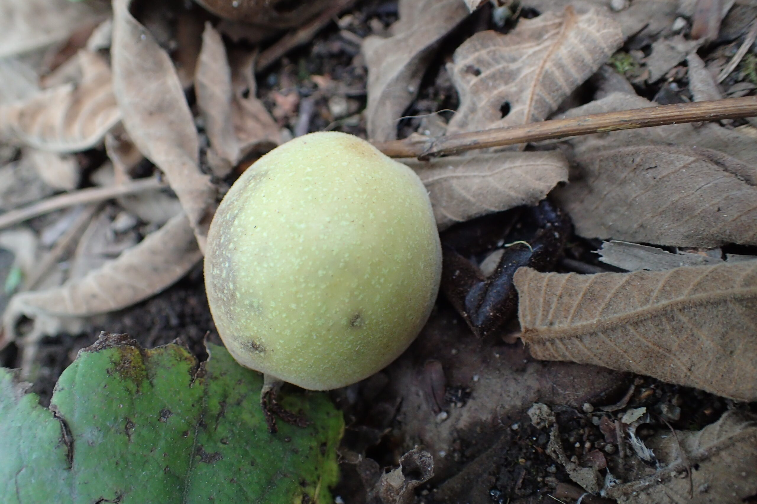 オニグルミの果実は中に大きな種子が入っていてその中身は栄養たっぷりです。いろんな動物がオニグルミを食料にするためにあちこちに運んでいきます。エゾリスも大事そうにくわえて持っていきますよ。落ちていたものは動物たちのために、そのままにしておきました。
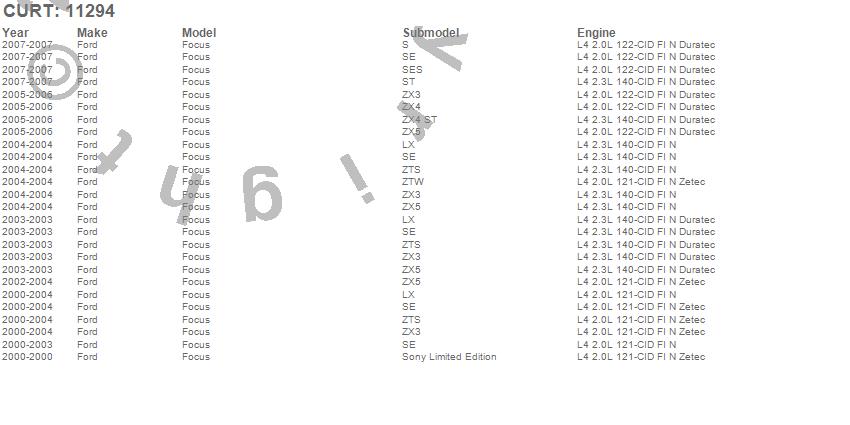 Below is an abbreviated list of applications for the Class I 1.25 in. Receiver Hitch.Focus, Ford, 2007, 2006, 2005, 2004, 2003, 2002, 2001, 2000
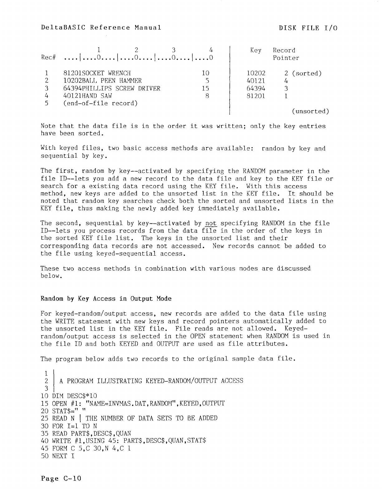 Keyed access-Random, C-lO

WHAT THE TASK REQUIRES –
In repeating the lines above, keep the wording exact and leave every picture out.

ANSWER BELOW –
 オニグルミの果実は中に大きな種子が入っていてその中身は栄養たっぷりです。いろんな動物がオニグルミを食料にするためにあちこちに運んでいきます。エゾリスも大事そうにくわえて持っていきますよ。落ちていたものは動物たちのために、そのままにしておきました。
 Below is an abbreviated list of applications for the Class I 1.25 in. Receiver Hitch.Focus, Ford, 2007, 2006, 2005, 2004, 2003, 2002, 2001, 2000
 Keyed access-Random, C-lO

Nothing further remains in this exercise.